Material to Be Filed as Exhibits

Exhibit 1 Securities Purchase Agreement between American Power Group Corporation and the Purchasers named therein, dated as of January 8, 2016 (incorporated by reference to Exhibit 10.86 to the Annual Report on Form 10-K of American Power Group Corporation filed with the SEC on January 13, 2016).

Exhibit 2 Form of Common Stock Purchase Warrant to be issued to the purchasers named in the Securities Purchase Agreement (incorporated by reference to Exhibit 10.87 to the Annual Report on Form 10-K of American Power Group Corporation filed with the SEC on January 13, 2016).

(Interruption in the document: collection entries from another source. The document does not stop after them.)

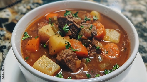 beef, stew, potato, carrot, onion, soup, dinner, food, cookery, culinary, meal, comfort, dish, vegetable, brown, red, orange, white, bowl, ceramic, rustic, home, warm, delicious, appetising, hearty, filling, satisfying, savoury, flavorful, tasty, homemade, cooking, receipe, kitchen, dining, fresh, healthy, alimentary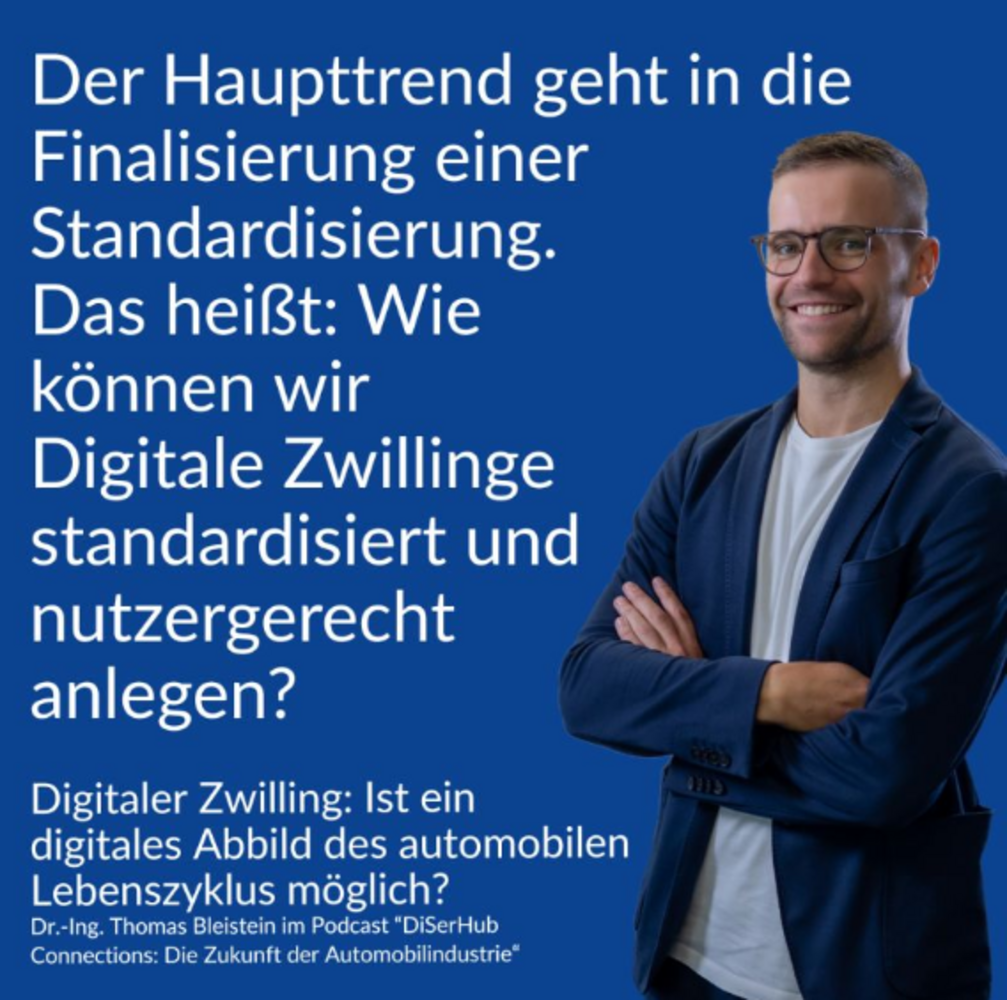 In der neuen Podcast-Episode von DiSerHub Connections diskutieren Martin Schuler und Dr. Thomas Bleistein vom August-Wilhelm Scheer Institut den Einsatz digitaler Zwillinge über den gesamten automobilen Lebenszyklus hinweg. Im Fokus stehen Potenziale für Effizienz und Nachhaltigkeit sowie die Rolle von Standards wie dem Digital Product Passport (DPP). Die Folge liefert praxisnahe Einblicke für Fachleute aus der Automobilbranche.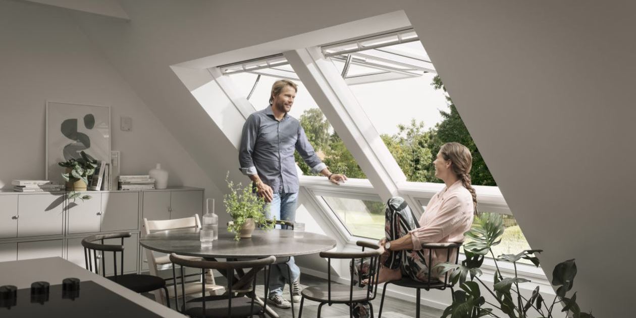Aufkeilfenster bieten gleich mehrere Vorteile. Sie sind Gauben ähnlich und werden als keilförmiges Element auf dem Dach installiert. Sie lassen sich kippend oder schwingend öffnen – wie Dachfenster – sorgen aber für mehr Kopffreiheit.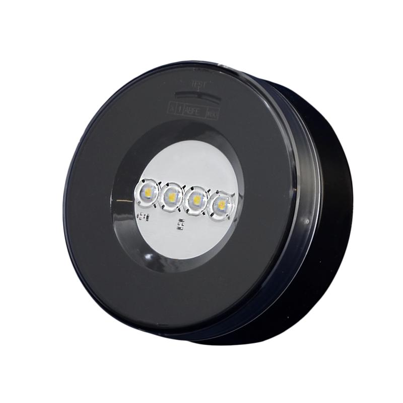 Arque Svart, rundstrålande lins. En extremt mångsidig nödljusarmatur som förutom rent nödljus även går att använda som hänvisningsarmatur med tillbehör. Utformad som en puck med Lithiumjon (LiFeP04) batteri, autotest, samt snabbkopplingsplint för smidig och enkel installation. En mycket ljusstark nödljusarmatur, och om hänvisning önskas, montera bara på tillbehöret piktogramset, så har man en komplett hänvisningsarmatur. Kan monteras på vägg eller i tak. Kit för infällnad i undertak samt väggfäste för flaggmontage finns som tillbehör. Serien finns i vitt och svart utförande. Komplettera med rullstolspiktogram vid behov. Hänvisningsskylt kan monteras på både Arque rundstrålande eller korridorlins. Observera att tillbehöret piktogramset finns i vitt och svart för att passa färgen på armaturhuset.

Exhibit 3 Amendment No. 2 to Registration Rights Agreement between American Power Group Corporation and the Purchasers named therein, dated as of January 8, 2016 (incorporated by reference to Exhibit 10.91 to the Annual Report on Form 10-K of American Power Group Corporation filed with the SEC on January 13, 2016).

Exhibit 4 Amended and Restated Voting Agreement between American Power Group Corporation and the Purchasers named therein, dated as of January 8, 2016 (incorporated by reference to Exhibit 10.88 to the Annual Report on Form 10-K of American Power Group Corporation filed with the SEC on January 13, 2016).

 
Page 9
 
SIGNATURE

After reasonable inquiry and to the best of my knowledge and belief, I certify that the information set forth in this statement is true, complete and correct.
 
 
ARROW, LLC
   
   
 
/s/ Matthew van Steenwyk
 
Name:            Matthew van Steenwyk
Title:               Manager
   
   
 
/s/ Matthew van Steenwyk
 
Matthew van Steenwyk
   
   
 
/s/ Betty van Steenwyk
 
Betty van Steenwyk
 
The original statement shall be signed by each person on whose behalf the statement is filed or his authorized representative.  If the statement is signed on behalf of a person by his authorized representative (other than an executive officer or general partner of this filing person), evidence of the representative’s authority to sign on behalf of such person shall be filed with the statement, provided, however, that a power of attorney for this purpose which is already on file with the Commission may be incorporated by reference.  The name and any title of each person who signs the statement shall be typed or printed beneath his signature.

Attention:  Intentional misstatements or omissions of fact constitute Federal criminal violations (See 18 U.S.C. 1001).